Advogado não é responsável pelos atos do colega substabelecido

Vamos começar traduzindo o “juridiquês” do título do post.

Primeiro vamos entender o que é o substabelecimento. Quando o advogado é contratado, ele recebe uma procuração de seu cliente. Essa procuração, na maioria das vezes, permite que o advogado “repasse” (substabeleça) seus poderes de representação a outro advogado, para que esse também possa atuar em nome do cliente.

Nesse caso, um advogado fora contratado e substabeleceu sua procuração a uma colega que passou a atuar diretamente na ação judicial, participando inclusive do acordo que encerrou  tal ação.

A advogada recebeu em sua conta bancária a totalidade dos valores referente ao acordo e não transferiu toda a parte que era devida ao cliente.

Diante da apropriação indébita dos valores, o cliente processou o advogado contratado que repassou a procuração e a advogada que se apropriou dos valores.

O Tribunal de Justiça do ES entendeu que havia responsabilidade do advogado contratado pela culpa in elegendo, uma vez que a advogada escolhida por ele atuou de forma imoral.

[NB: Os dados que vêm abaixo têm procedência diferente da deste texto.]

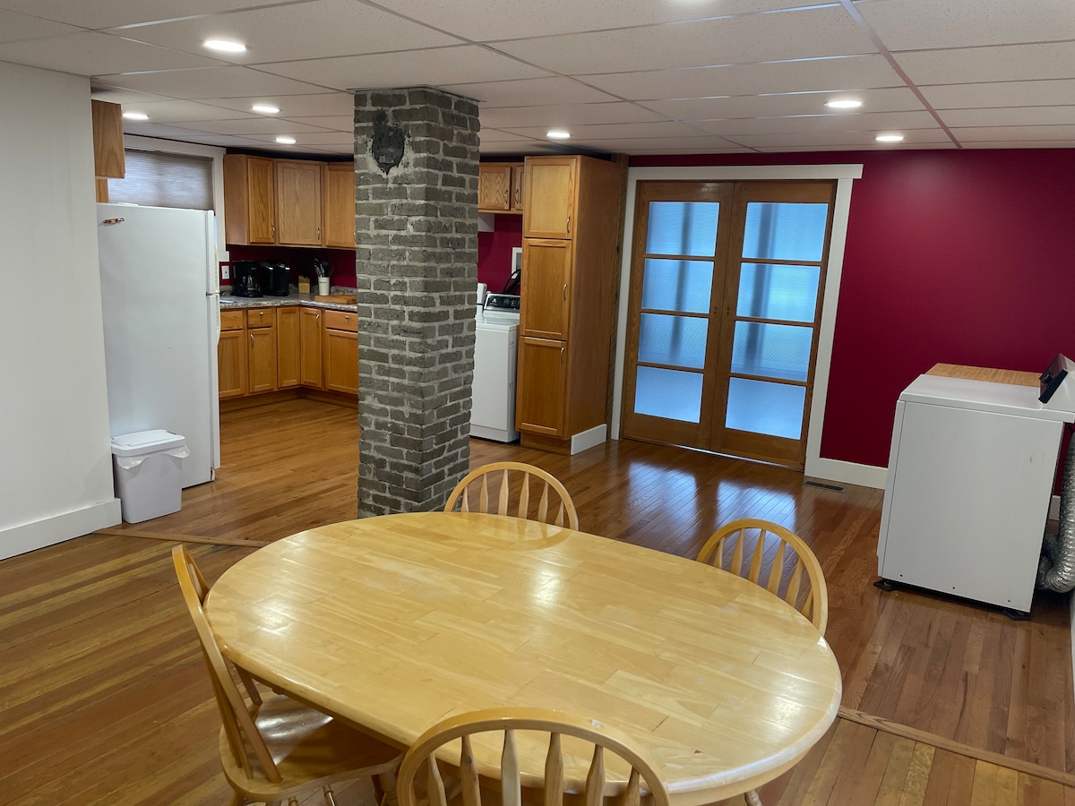 L'intero gruppo si sentirà a proprio agio in questo spazio spazioso e unico. Le radici di questo edificio risalgono a più di 100 ANNI fa. Ma l'intero spazio è NUOVO e ricco di lavori di ristrutturazione. Pavimento originale in legno massello degli anni '50 immerso in un nuovissimo pavimento in legno massello. Un camino dei primi del 1900 arriva nel bel mezzo della nuova cucina. Un sacco di luce naturale scorre attraverso tutte le nuovissime finestre.

No entanto, o Superior Tribunal de Justiça, reformou tal decisão e entendeu que ele não poderia ser responsabilizado, pois no momento do substabelecimento ele desconhecia a inaptidão técnica ou moral de sua colega, portanto não agiu com culpa.

A condenação fora mantida somente contra a advogada que cometeu o ilícito.

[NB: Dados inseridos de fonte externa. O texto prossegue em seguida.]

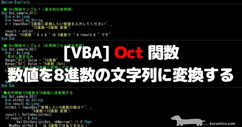 VBAには「8進数 → 10進数」に変換する組み込み関数がないため、独自関数(OctToDec)を作って変換する例を紹介します。
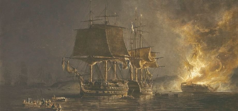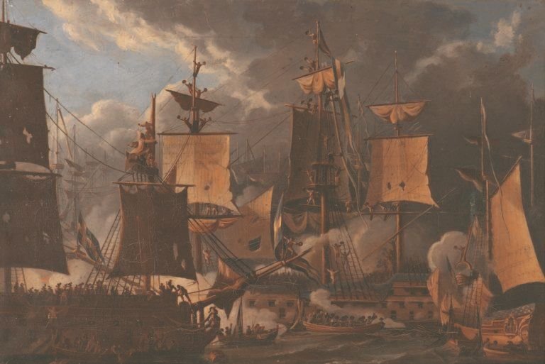 …Выстроившись друг против друга, оба флота продолжали поражать друг друга в упор. Побоище давно стало всеобщим. Лишь иногда выстрелы внезапно стихали – это из-за густого порохового дыма враги теряли друг друга из вида. Однако стоило пороховым облакам хоть немного рассеяться, как дуэль начиналась с еще большим ожесточением.
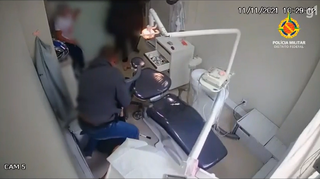 Enquanto isso, o policial, que é subtenente, estava na cadeira do dentista sendo atendido. No início, conforme mostra o vídeo, ele não percebeu o que estava acontecendo e demorou para notar a movimentação.

A decisão final fora positiva para o advogado, entretanto ele teve custas recursais e possivelmente com honorários advocatícios (contratação de outro advogado para defendê-lo) até o STJ (em 3 instâncias). Com certeza houve gastos consideráveis para realizar sua defesa.

Ainda que ocorra uma absolvição, o profissional sofre prejuízo financeiro para se defender e é por isso que ele deve ter uma apólice de RC Profissional.

Esse seguro cobre indenizações por danos causados no exercício da profissão, bem como todos os custos de defesa.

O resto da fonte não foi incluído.